It is a schematic block diagram which shows an example of the control apparatus of the ice making machine which concerns on this invention. It is a time chart figure by the control apparatus of the ice making machine which concerns on this invention. It is a sectional side view of the conventional auger type ice making machine.

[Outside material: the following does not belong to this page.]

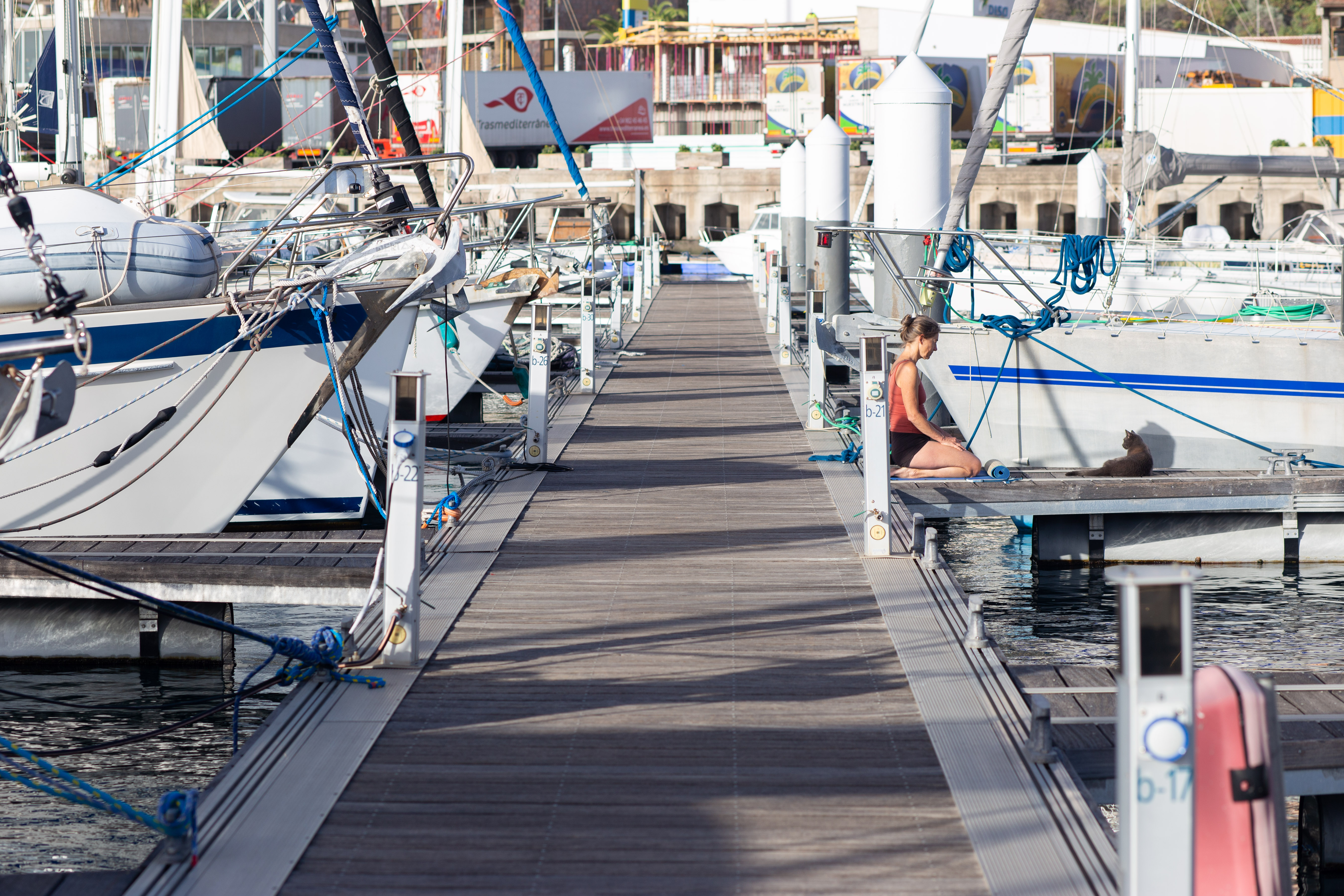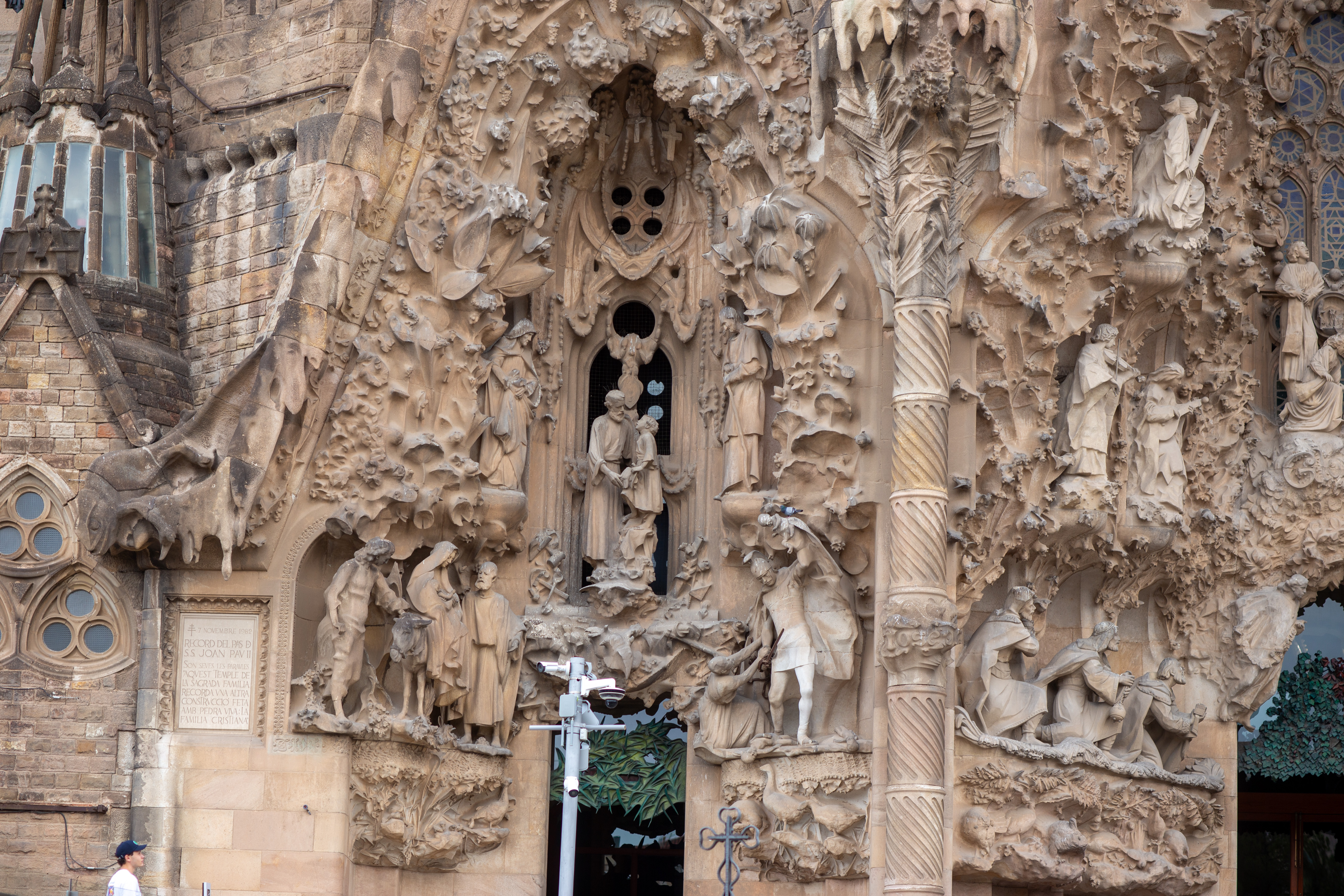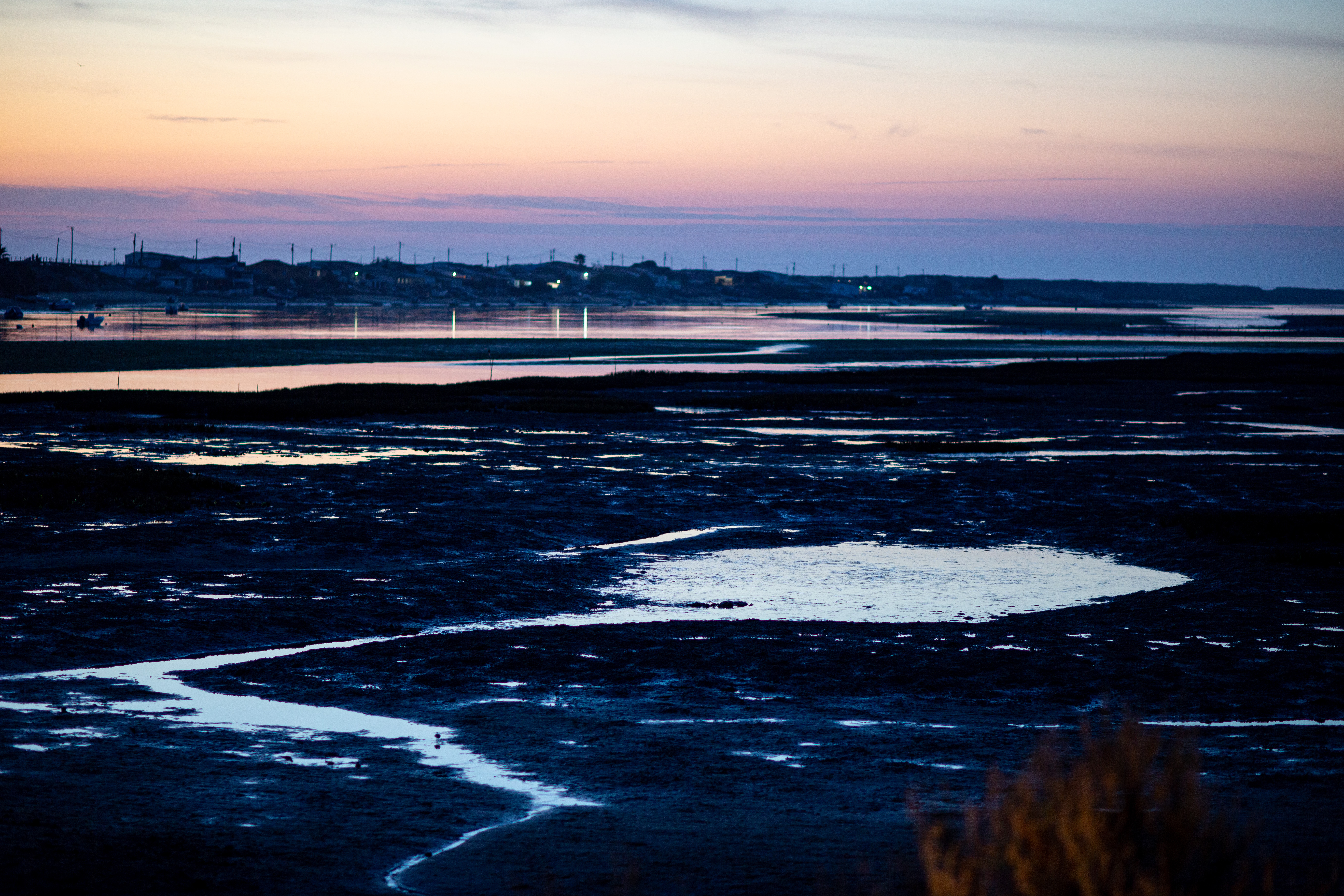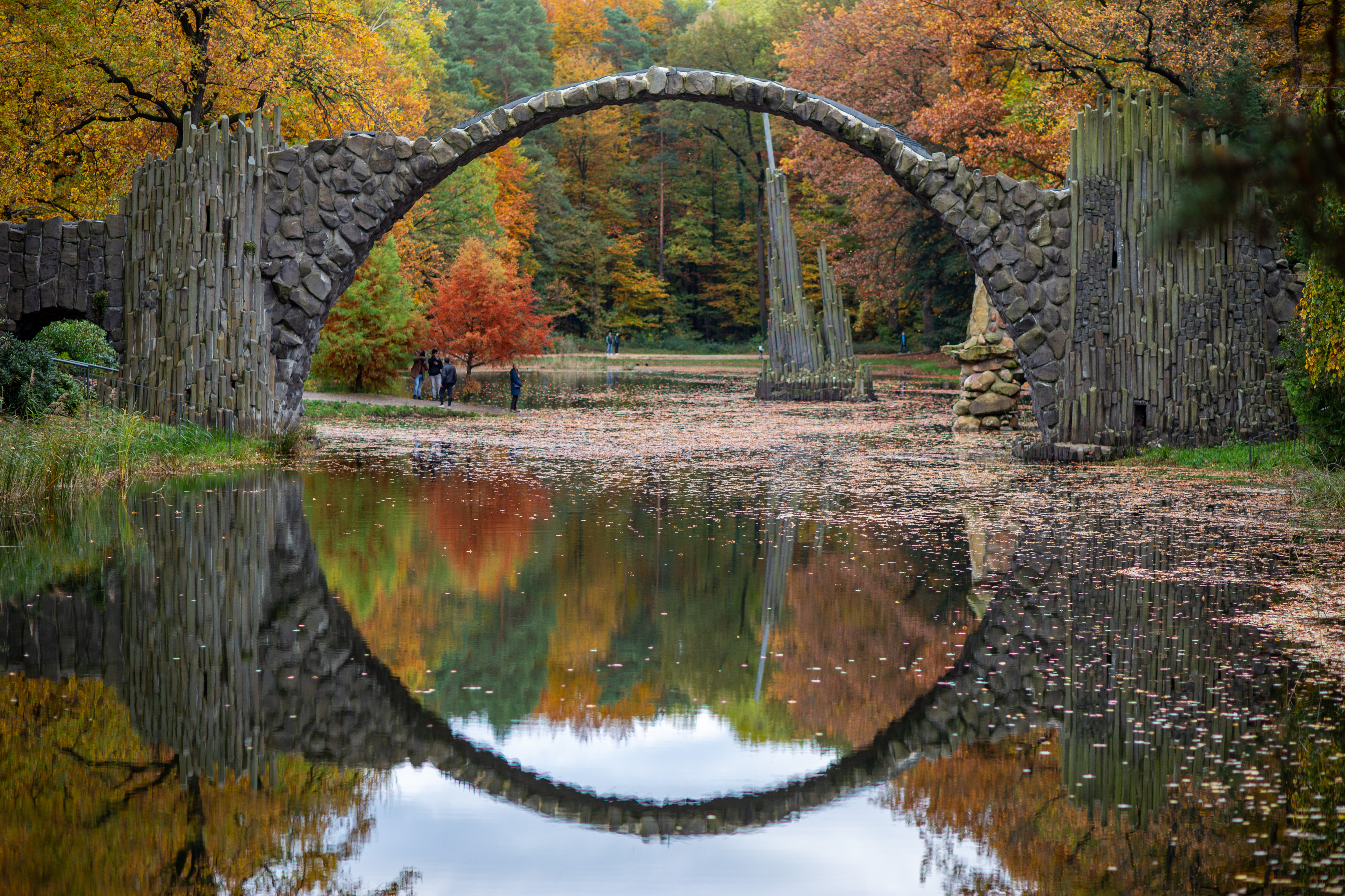 The image features a striking view of two rock formations in a desert landscape. The left rock formation, a large, dark brown rock, stands tall with a narrow crack running through it. The right rock formation, a smaller, reddish-brown rock, is more prominent and has a larger crack. Both formations are surrounded by sparse vegetation, creating a stark contrast between the ruggedness of the rock formations and the softness of the vegetation. The sky above is a clear blue, adding to the overall tranquility of the scene. The image does not contain any discernible text or human-made objects. The relative positions of the rock formations and vegetation suggest a vast, open space, with the rock formations as the main focus and the vegetation as a secondary element. The image does not provide any information about the exact location or history of the rock formations.
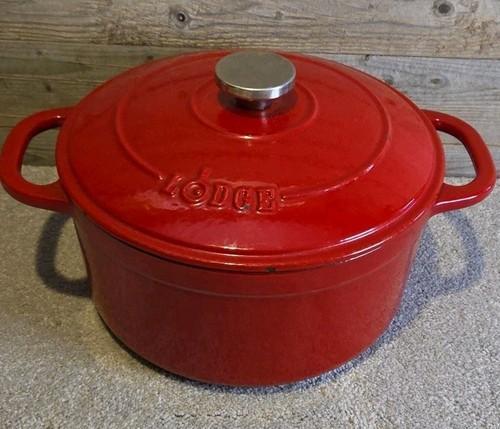 Lodge Enameled Cast Iron 5.5 Quart Dutch Oven Cookware Pot, Red

10 auger type ice making machine 12 auger 14 ice making cylinder (ice making part)
DESCRIPTION OF SYMBOLS 16 Ice storage room 18 Ice machine motor 20 Evaporator 22 Refrigerant circuit 24 Compressor 26 Condenser 28 Condenser fan 30 Dryer 32 Electronic expansion valve 34 Rotating shaft 36 Agitator 38 Detection plate 40 Fixed blade 100 Control apparatus of ice machine

Claims (3)

In a control device for an auger type ice maker comprising a compressor connected to an evaporator that cools the inside of the ice making unit, and an ice making motor that rotationally drives an auger built in the ice making unit,
A control apparatus for an ice making machine, characterized in that, at the start of an ice making operation, control is performed to start the ice making motor after starting the compressor.   The temperature of the evaporator between the start of the compressor and the start of the ice maker motor is maintained and controlled at −5 to 5 ° C., and the temperature of the evaporator immediately after the start of the ice maker motor is controlled to be rapidly cooled. The ice making machine control device according to claim 1, wherein:   3. The ice making machine control device according to claim 2, wherein the temperature of the evaporator before starting the ice making motor is controlled to 1 to 3 ° C. 3.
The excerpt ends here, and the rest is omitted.